***** SOURCE DATA *****

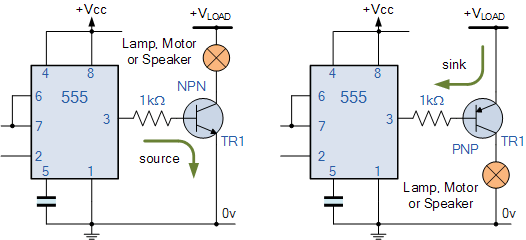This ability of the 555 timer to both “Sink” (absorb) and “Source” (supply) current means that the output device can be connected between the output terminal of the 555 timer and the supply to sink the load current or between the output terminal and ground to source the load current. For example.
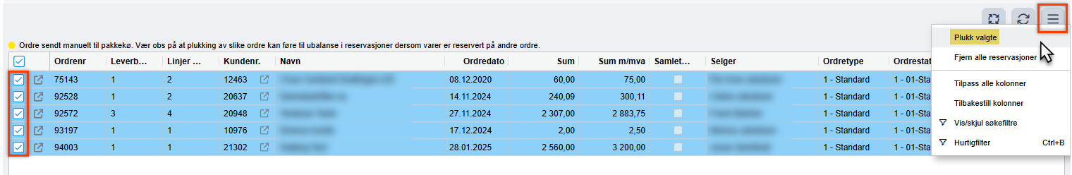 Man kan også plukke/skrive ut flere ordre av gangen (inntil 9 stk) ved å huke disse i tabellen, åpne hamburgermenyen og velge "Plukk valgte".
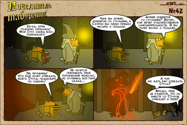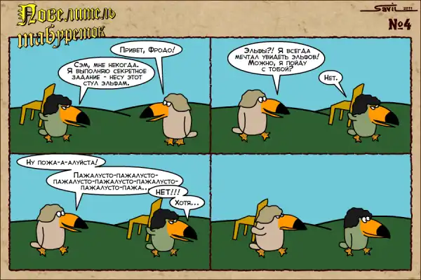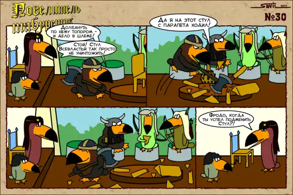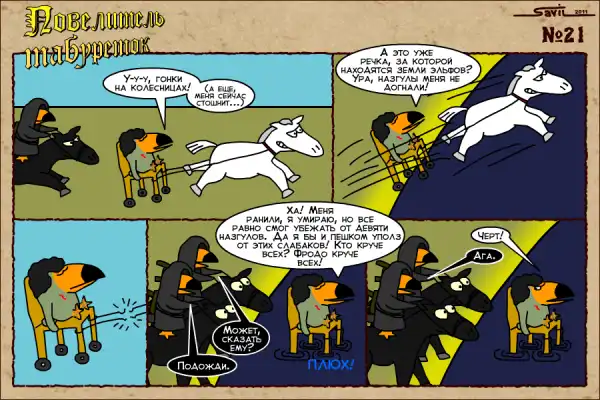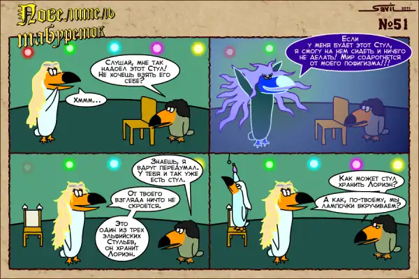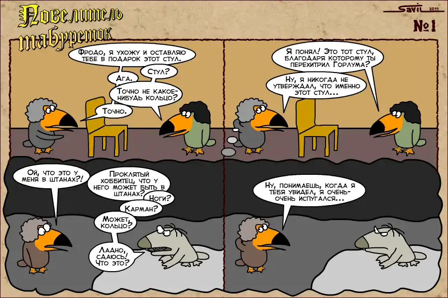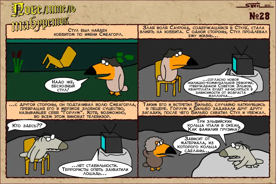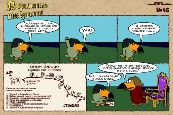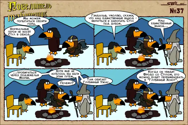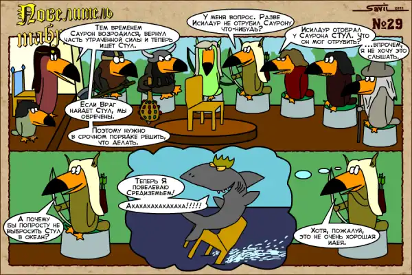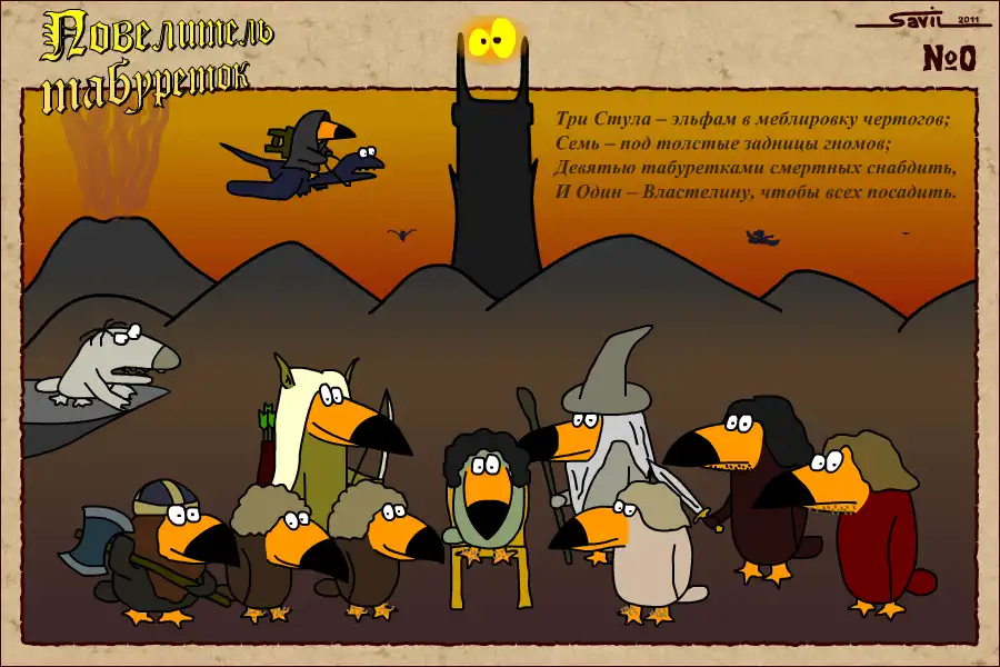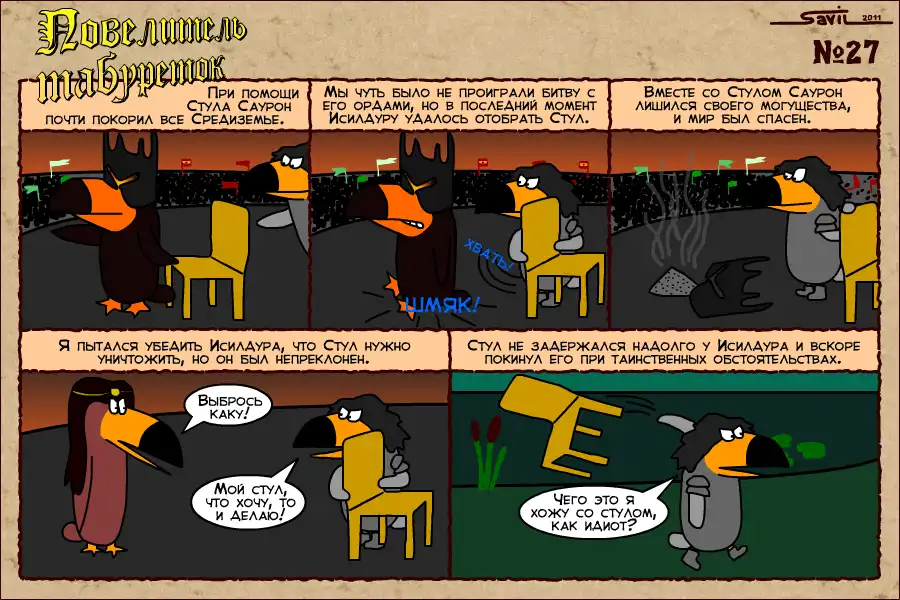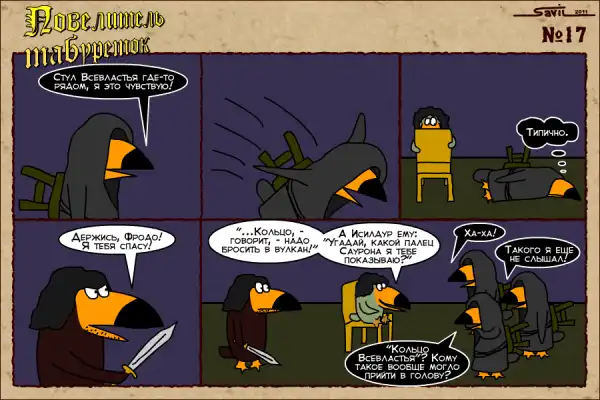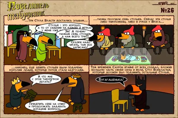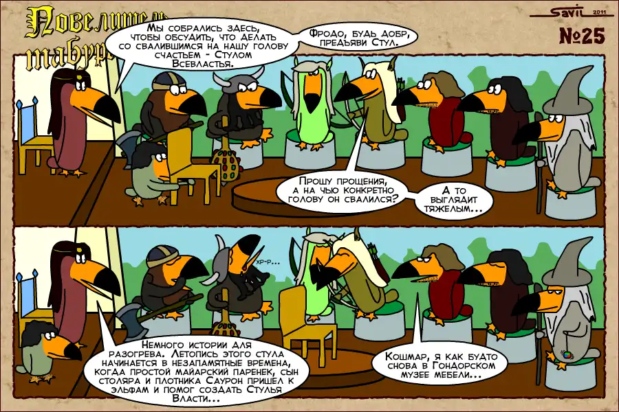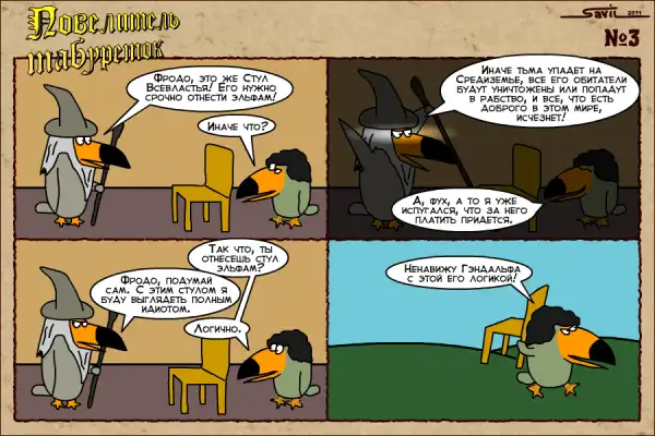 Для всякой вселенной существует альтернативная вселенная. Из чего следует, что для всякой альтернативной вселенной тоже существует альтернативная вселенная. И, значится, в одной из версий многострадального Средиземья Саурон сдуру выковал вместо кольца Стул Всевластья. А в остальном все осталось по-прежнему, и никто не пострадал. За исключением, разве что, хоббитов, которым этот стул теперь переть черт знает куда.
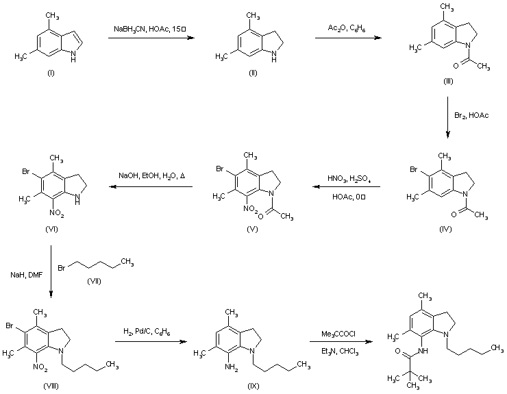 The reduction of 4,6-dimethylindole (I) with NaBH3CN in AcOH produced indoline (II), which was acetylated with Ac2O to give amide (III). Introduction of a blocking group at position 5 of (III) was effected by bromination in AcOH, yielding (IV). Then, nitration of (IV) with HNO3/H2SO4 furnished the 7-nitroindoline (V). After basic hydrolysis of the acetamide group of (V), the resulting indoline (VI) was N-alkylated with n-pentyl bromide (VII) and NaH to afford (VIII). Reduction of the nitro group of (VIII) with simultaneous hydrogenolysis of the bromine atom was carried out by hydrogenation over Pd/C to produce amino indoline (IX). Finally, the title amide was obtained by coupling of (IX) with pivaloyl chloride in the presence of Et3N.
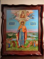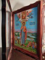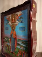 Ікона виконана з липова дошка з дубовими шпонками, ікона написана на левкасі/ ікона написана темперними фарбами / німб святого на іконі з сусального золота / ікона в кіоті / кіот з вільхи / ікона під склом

*****

### WHAT YOU WILL DO
From the first line of the entries above down to the line holding "Для всякой вселенной", quote each line exactly and nothing else, skipping pictures.

### SOLUTION
This ability of the 555 timer to both “Sink” (absorb) and “Source” (supply) current means that the output device can be connected between the output terminal of the 555 timer and the supply to sink the load current or between the output terminal and ground to source the load current. For example.
 Man kan også plukke/skrive ut flere ordre av gangen (inntil 9 stk) ved å huke disse i tabellen, åpne hamburgermenyen og velge "Plukk valgte".
 Для всякой вселенной существует альтернативная вселенная. Из чего следует, что для всякой альтернативной вселенной тоже существует альтернативная вселенная. И, значится, в одной из версий многострадального Средиземья Саурон сдуру выковал вместо кольца Стул Всевластья. А в остальном все осталось по-прежнему, и никто не пострадал. За исключением, разве что, хоббитов, которым этот стул теперь переть черт знает куда.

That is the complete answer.